What the task asks
Your job with the data below is to output exactly the lines from the one holding "漆黒の箱に浮かぶ満月のような佇まい。説明カードやメッセージも添えられます。" down to the one holding "Стадо домашних гусей", both included, and no others.
(Given records begins)
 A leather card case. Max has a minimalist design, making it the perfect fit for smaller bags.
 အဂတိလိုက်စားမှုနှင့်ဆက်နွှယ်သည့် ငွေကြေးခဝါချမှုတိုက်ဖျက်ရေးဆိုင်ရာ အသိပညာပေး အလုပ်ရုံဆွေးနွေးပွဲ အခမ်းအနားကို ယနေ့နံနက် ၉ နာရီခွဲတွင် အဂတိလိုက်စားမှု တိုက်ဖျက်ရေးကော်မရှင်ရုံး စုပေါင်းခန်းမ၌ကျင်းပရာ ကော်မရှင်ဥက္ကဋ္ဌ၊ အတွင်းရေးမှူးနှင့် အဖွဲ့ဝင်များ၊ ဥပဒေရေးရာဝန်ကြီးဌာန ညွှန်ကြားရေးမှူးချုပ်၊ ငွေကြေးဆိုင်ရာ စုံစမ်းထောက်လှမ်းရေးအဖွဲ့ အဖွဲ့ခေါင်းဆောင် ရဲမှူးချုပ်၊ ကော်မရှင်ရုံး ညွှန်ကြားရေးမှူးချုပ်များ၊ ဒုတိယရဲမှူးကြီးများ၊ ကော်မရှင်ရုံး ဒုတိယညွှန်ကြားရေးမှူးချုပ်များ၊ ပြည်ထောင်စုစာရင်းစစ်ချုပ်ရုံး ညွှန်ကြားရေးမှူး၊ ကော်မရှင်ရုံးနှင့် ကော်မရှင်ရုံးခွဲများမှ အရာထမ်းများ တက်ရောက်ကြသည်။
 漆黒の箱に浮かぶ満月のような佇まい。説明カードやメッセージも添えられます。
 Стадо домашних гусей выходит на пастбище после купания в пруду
(Given records ends)
(Given records begins)
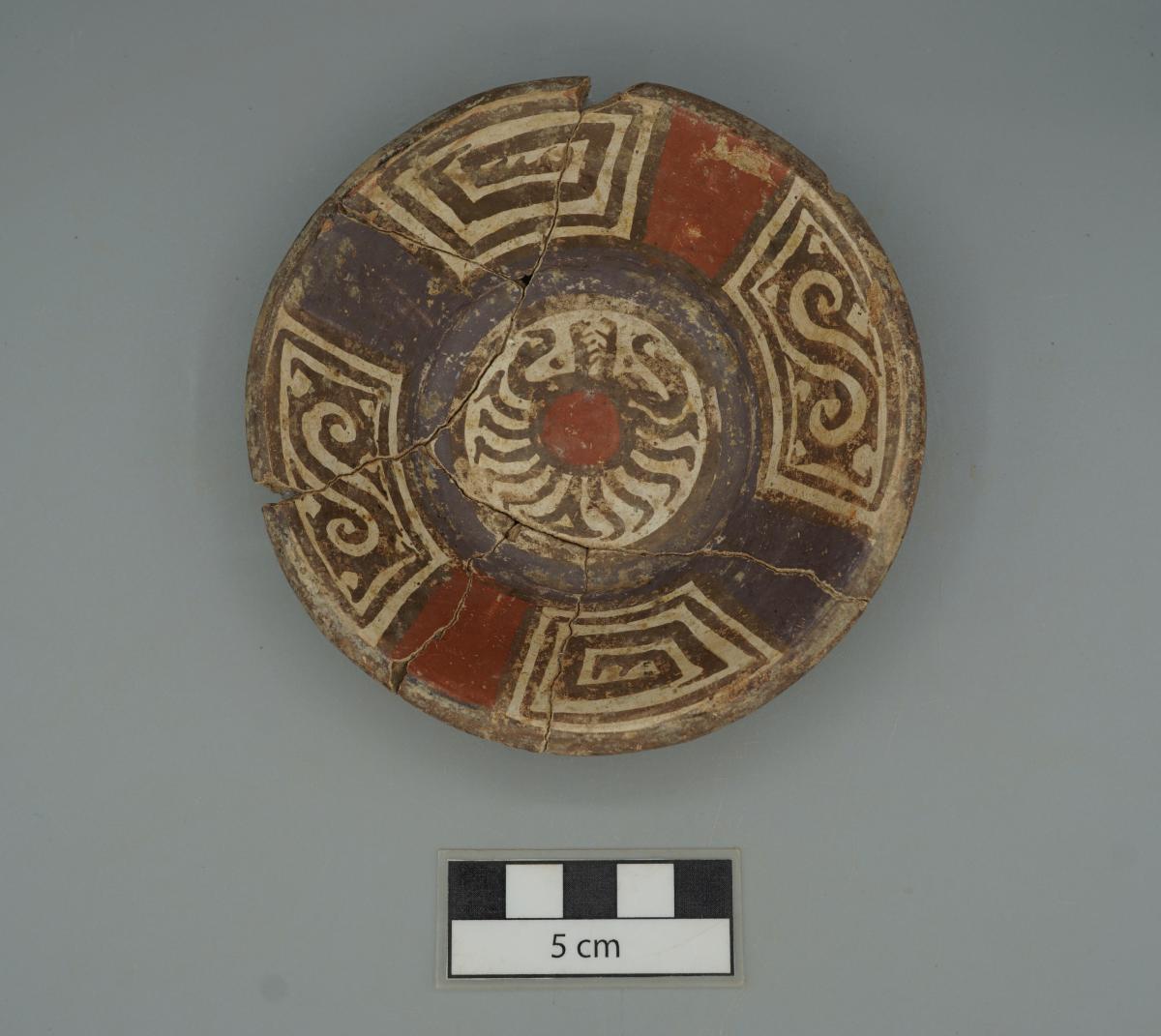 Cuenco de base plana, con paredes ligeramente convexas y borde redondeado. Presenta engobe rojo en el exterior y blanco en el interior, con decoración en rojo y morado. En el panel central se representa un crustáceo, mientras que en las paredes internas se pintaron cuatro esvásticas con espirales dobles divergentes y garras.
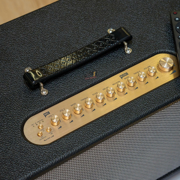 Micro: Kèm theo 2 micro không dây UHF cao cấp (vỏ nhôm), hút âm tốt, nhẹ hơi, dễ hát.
(Given records ends)
(Given records begins)
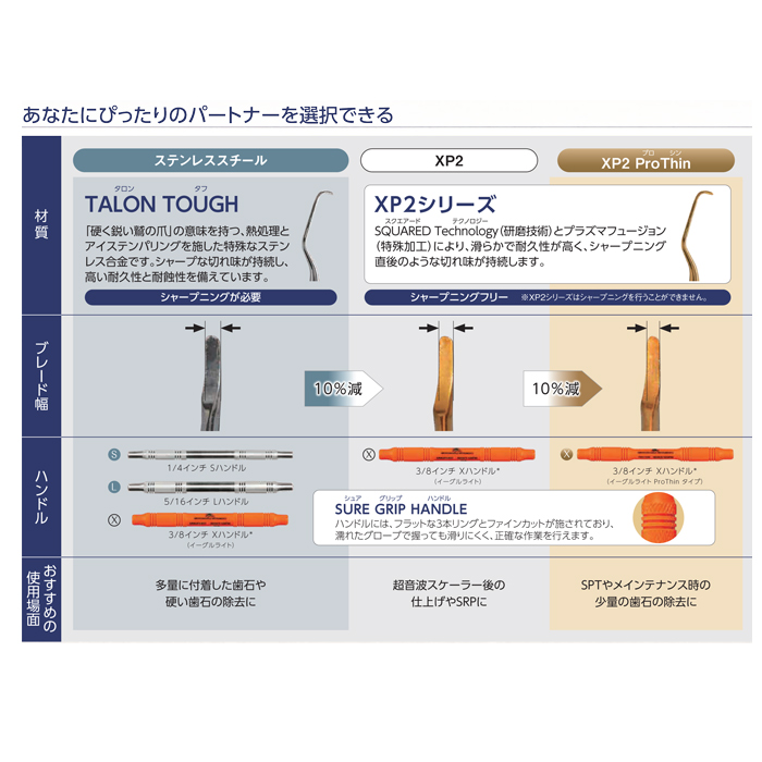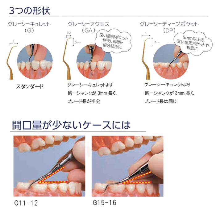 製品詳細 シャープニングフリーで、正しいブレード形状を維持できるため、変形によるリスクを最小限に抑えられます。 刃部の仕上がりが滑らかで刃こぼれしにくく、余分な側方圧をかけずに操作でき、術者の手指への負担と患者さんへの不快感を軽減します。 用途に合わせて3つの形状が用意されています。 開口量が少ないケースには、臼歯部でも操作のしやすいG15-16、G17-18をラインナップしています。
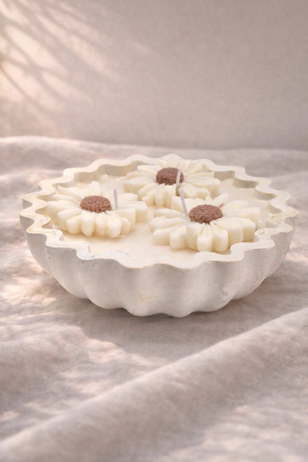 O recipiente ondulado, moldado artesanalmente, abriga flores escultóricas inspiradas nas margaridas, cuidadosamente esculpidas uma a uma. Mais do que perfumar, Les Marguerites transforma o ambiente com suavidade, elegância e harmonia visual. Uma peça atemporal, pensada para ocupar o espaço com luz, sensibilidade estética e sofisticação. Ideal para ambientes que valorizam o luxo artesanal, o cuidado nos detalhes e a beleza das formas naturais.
(Given records ends)
Answer box
 漆黒の箱に浮かぶ満月のような佇まい。説明カードやメッセージも添えられます。
 Стадо домашних гусей выходит на пастбище после купания в пруду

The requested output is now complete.